[[ DATA open ]]

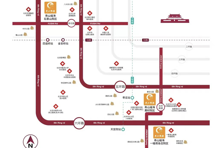 石景山院建筑采用中国传统皇家园林风格,雕梁 画栋耸立,亭台水榭交错。中心占地面积近25, 000平方米,机构建筑面积近30,000平方米,床 位设置600余张。
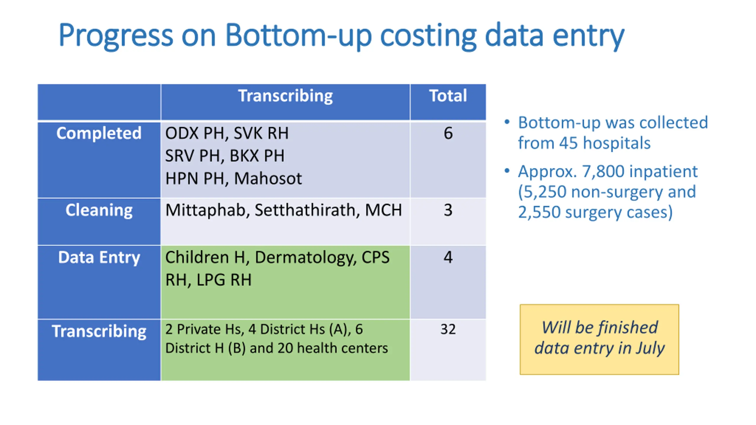 Progress on Bottom Progress on Bottom- -up costing data entry up costing data entry Transcribing Total Bottom-up was collected from 45 hospitals Approx. 7,800 inpatient (5,250 non-surgery and 2,550 surgery cases) Completed ODX PH, SVK RH SRV PH, BKX PH HPN PH, Mahosot 6 Cleaning Mittaphab, Setthathirath, MCH 3 Data Entry Children H, Dermatology, CPS RH, LPG RH 4 Will be finished data entry in July 2 Private Hs, 4 District Hs (A), 6 District H (B) and 20 health centers 32 Transcribing
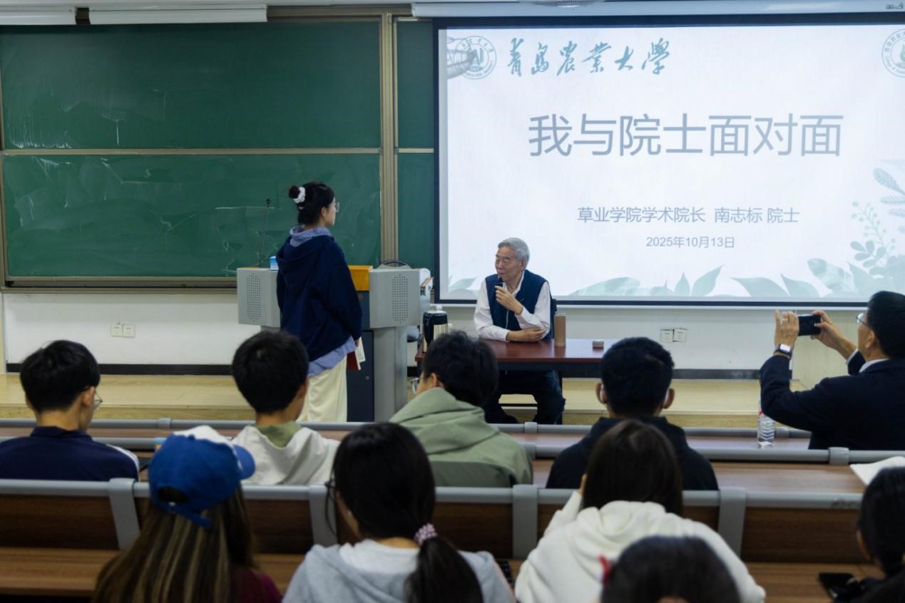 互动环节中,南志标院士对于同学们关注的草原生态修复方面需要具备哪些技能、草业科学如何适应时代的发展、苜蓿草种培育的步骤等问题逐一进行了解答。
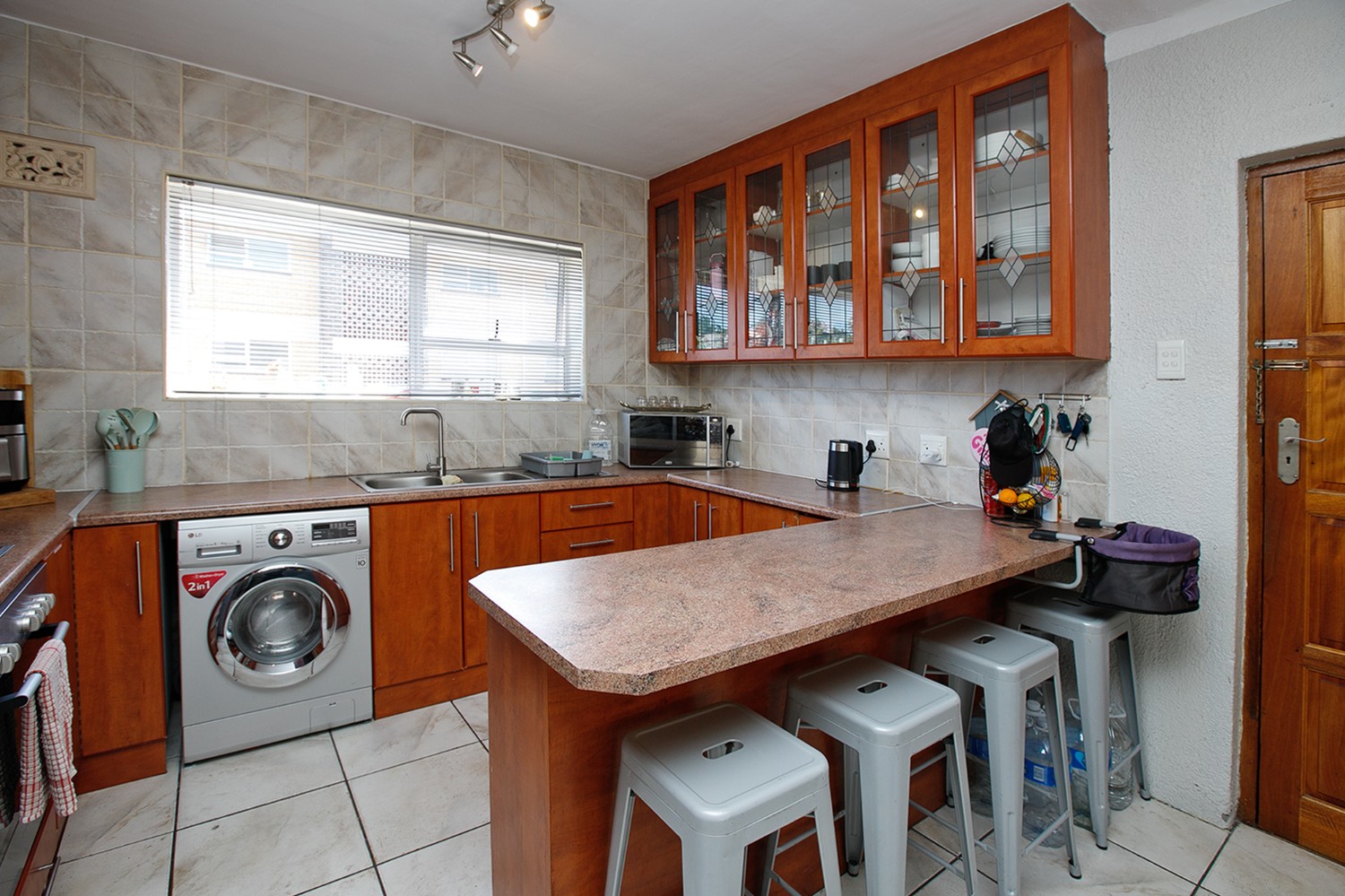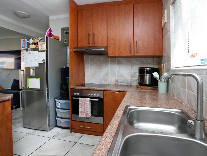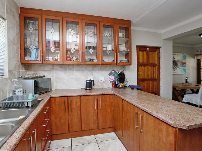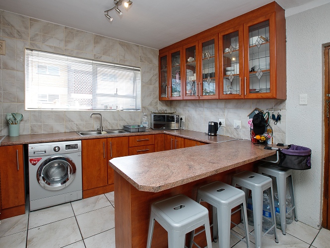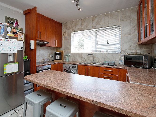 The kitchen has mountain views with Plumbgin point, electric oven, hob and extractor and breakfast bar.
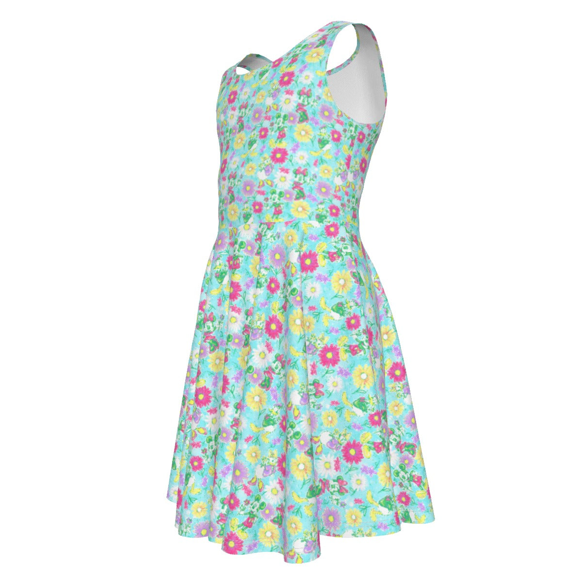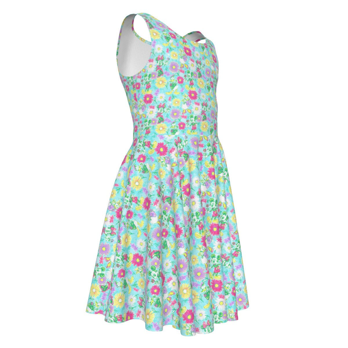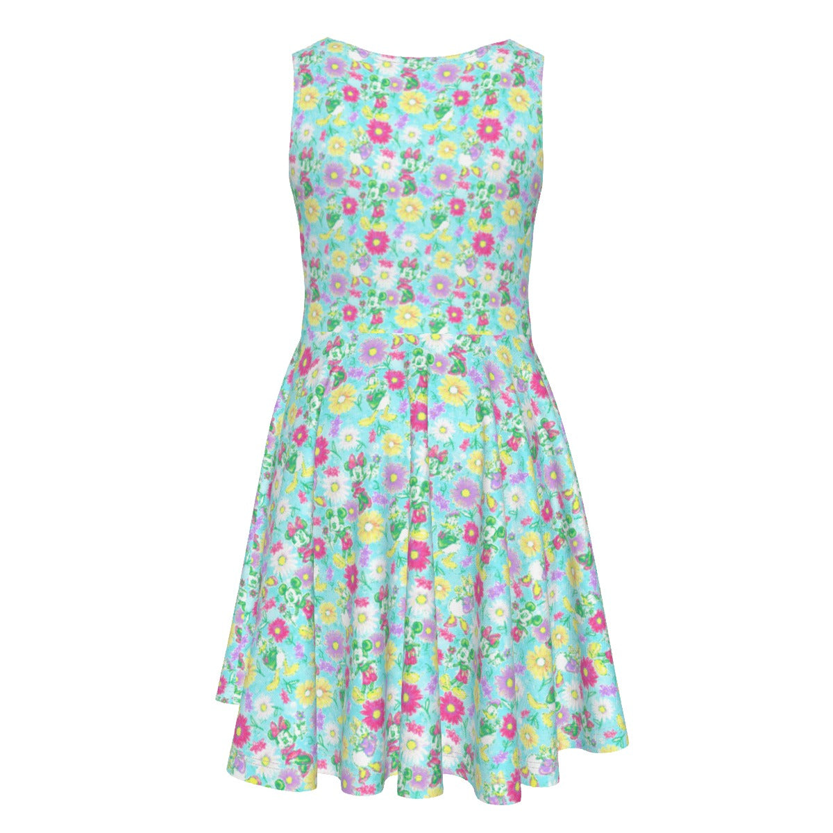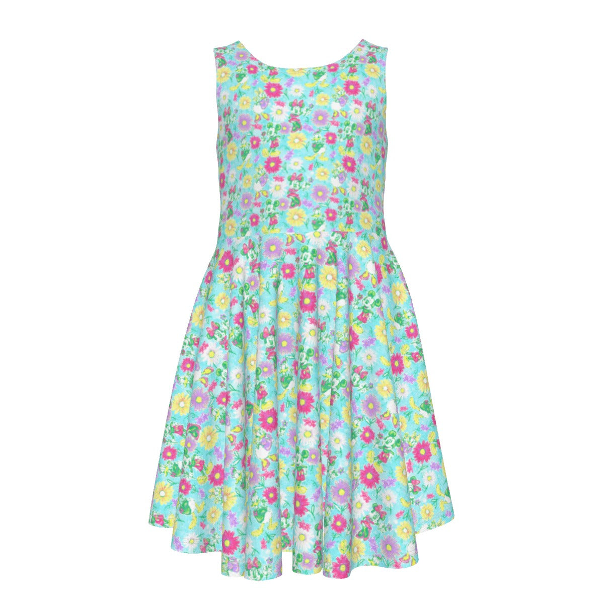 Neon Spring Floral Friendsends - Kid's Sleeveless Skater Dress

[[ DATA closed ]]

» **DIRECTIONS**
Leave the pictures out, and reproduce only the lines from the line holding "The kitchen has" through the last line of the material, both included.

» **EXPECTED ANSWER**
 The kitchen has mountain views with Plumbgin point, electric oven, hob and extractor and breakfast bar.
 Neon Spring Floral Friendsends - Kid's Sleeveless Skater Dress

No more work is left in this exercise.